In theory, attention lets a transformer look anywhere it wants. In practice, that promise is conditional. Models are trained on distributions of sequence lengths, positional relationships, and attention patterns. When we stretch those assumptions far enough, we see degradation. The model still produces fluent text, but correctness, coherence, and goal alignment start to slip.
That slippage is what people loosely describe as context rot. It’s not a single bug. It’s a collection of interacting failures that only show up when you scale context aggressively.
Context rot is the gradual loss of effective information as a prompt grows longer. The tokens are still there. The model can technically attend to them. But their influence on the output weakens in ways that matter.
One way to think about it is signal-to-noise ratio. Early in a prompt, almost everything is signal. As the context grows, the model has to decide which parts still matter. That decision becomes harder when many tokens are only weakly relevant, or relevant only conditionally.
There are several root causes behind this effect, and they compound rather than act independently.
1. Attention dilution
Self-attention is powerful, but it’s not free. Each token competes with every other token for influence. When you have a few hundred tokens, that competition is manageable. When you have tens or hundreds of thousands, attention mass gets spread thin.

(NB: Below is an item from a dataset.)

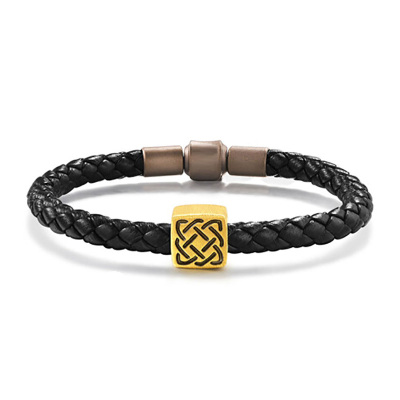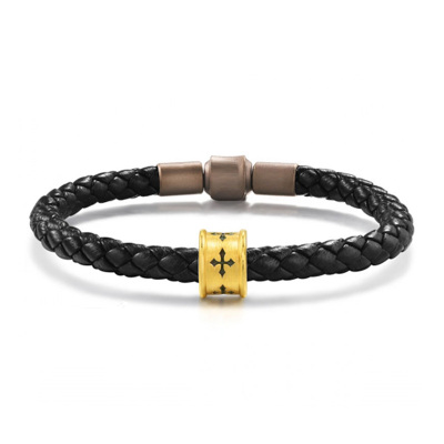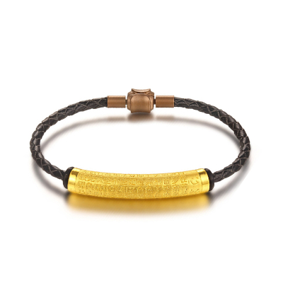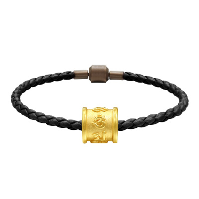 GZUAN古钻珠宝 黄金手链祈福心经 3D硬金转运珠手串 男女款 黑皮绳 YJS0021

Important instructions don’t disappear, but they lose sharpness. The model’s internal representation becomes more averaged. This is especially problematic for agents, where a single constraint violated early can cascade into many wrong steps later.
2. Positional encoding degradation
Most transformer models rely on positional encodings that were trained on specific sequence length distributions. Even techniques designed for extrapolation, like RoPE or ALiBi, still face a form of distribution shift when pushed far beyond their training regime.
The model has seen far more examples of relationships between tokens at positions 1 and 500 than between positions 50,000 and 50,500. When you ask it to reason across those distances, you’re operating in a sparse part of the training distribution. The result is softer, less reliable attention.
3. Compounding reasoning errors
Long contexts often imply multi-step reasoning. Each step is probabilistic. A small mistake early on doesn’t just stay small; it conditions future steps. By the time you’re dozens of turns in, the model may be reasoning confidently from a flawed internal state.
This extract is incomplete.